Gastro Theory Flashcards
Define GORD.
Prolonged or recurrent reflux of gastric contents –> oesophagus.
How does GORD clinically present?
- Heartburn (related to lying down and meals)
- Odynophagia
- Regurgitation
What is the pathophysiology of GORD?
- Tone of the LOS (lower esophageal sphincter) is reduced
- Frequent transient relaxations of the LOS
- Increased mucosal sensitivity to gastric acids
- Hiatus hernia can cause increased reflux (but reflux can occur without hernia)
What are possible risk factors for GORD?
- Smoking
- Alcohol
- Pregnancy
- Obesity
- Big meals
- Complication of hiatus hernia
- Any LOS dysfunction
Which patient group is more affected by GORD?
Mostly in men.
25% of adults experience heartburn.
Give a diagnostic test for GORD.
Endoscopy
Barium swallow
What is the treatment for GORD?
C: weight loss, avoid excess alcohol, stop smoking
M: Antacids if mild. If severe, PPI (omeprazole) or H2RA (cimetidine)
Give 2 possible complications of GORD?
Oesophageal stricture (worsening dysphagia)
Barrett’s Oesophagus (abnormal columnar epithelium replaces squamous epithelium of distal oesophagus) - irreversible and can develop into oesophageal cancer.
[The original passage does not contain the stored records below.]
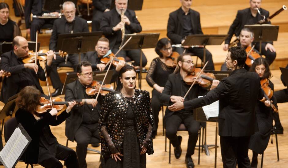Η ‘Μήδεια’ είναι ένα μονόπρακτο μελόδραμα που είχε εντυπωσιάσει βαθιά τον Μότσαρτ χαρακτηρίζοντάς το ως εξαιρετικό. Η Καρυοφυλλιά Καραμπέτη ενσαρκώνει μοναδικά και τα έξι πρόσωπα του έργου, σε μία ανεπανάληπτη αλληλεπίδραση λόγου και μουσικής που κόβει την ανάσα, καθώς οι διάφοροι αντιφατικοί χαρακτήρες παρελαύνουν διαδοχικά αυξάνοντας την ένταση μέσα από τις αντικρουόμενες προσωπικότητές τους, με τη μουσική να υπερτονίζει αυτές τις συγκρούσεις και να χρωματίζει τα συναισθήματα.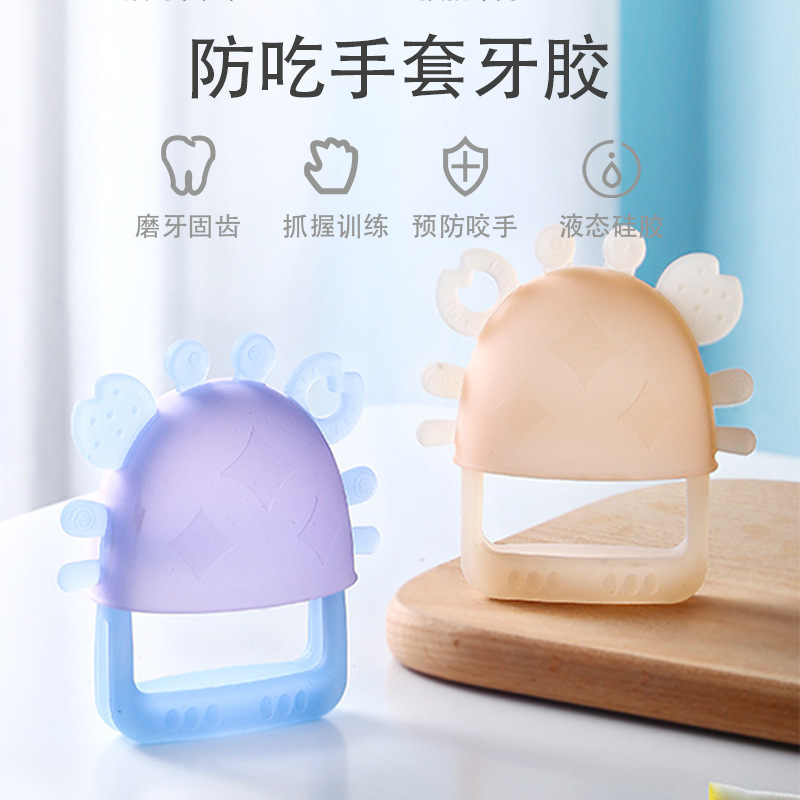 2025 ホットスタイルリトルカニ食品グレード液体シリコーンベビーおしゃぶり赤ちゃんの手を食べるのを防ぎ、歯が生えるのを和らげる噛むスティック
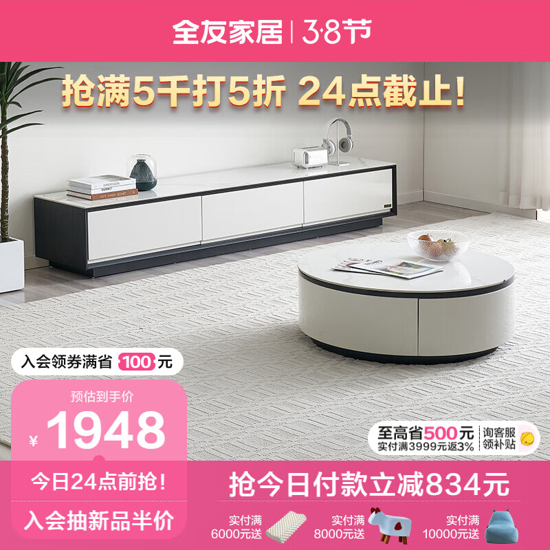 全友家居 岩板茶几电视柜组合现代简约客厅家用圆形茶几边几DW1055A价格:2782.86元!

Which cell type changes to which in Barret’s Oesophagus?
Squamous epithelium -> Columnar epithelium (with goblet cells)
What are 3 possible causes of Upper GI bleeding?
- Mallory Weiss Tear
- Oesophago-gastric varices
- Peptic ulcer
What is a Mallory-Weiss tear?
Mucosal laceration in the Upper GI tract —> leads to bleeding
How does a Mallory-Weiss tear clinically present?
Bout of retching or vomiting -> haemetesis
Blood volume loss:
Syncope
Light-headedness
Dizziness
What is the pathophysiology behind a Mallory-Weiss tear?
Sudden increased intragastric pressure within rigid LOS can cause tearing of the mucosa.
This then causes blood to leak out into the oesophagus and be vomited out.
What are risk factors/causes of Mallory-Weiss tears?
Trauma from frequent cough
Vomit
Retching
Hiccuping
RF: excess ETOH
In which groups of patients are Mallory-Weiss tears common in?
- Bulimics
- Alcoholics
*Comprises 4-8% of all UGIB
What is the diagnostic test for a Mallory-Weiss tear?
Endoscopy
What is the treatment for a Mallory-Weiss tear?
ABCDE (resuscitation)
Maintain airway
High flow oxygen
Correct fluid losses
Identify comorbidities
Tear tends to heal rapidly on its own
What are complications of a Mallory-Weiss tear?
Hypovolaemic shock
Re-bleeding
MI
Death
What are oesophago-gastric varices?
Dilated veins at the junction between the portal and systemic venous systems -> leading to variceal haemorrhage.
What is the clinical presentation of someone with oesophago-gastric varices?
Haematemesis
Liver disease
Pallor
Shock (low BP, high heart rate)
What is the pathophysiology behind oesophago-gastric varices?
Liver disease leads to high pressure in the portal vein –>
–>Veins at the junction with the systemic venous system distend (varices)
–> This causes damage and can lead to bleeding from the varices into the oesophagus, leading to haematemesis.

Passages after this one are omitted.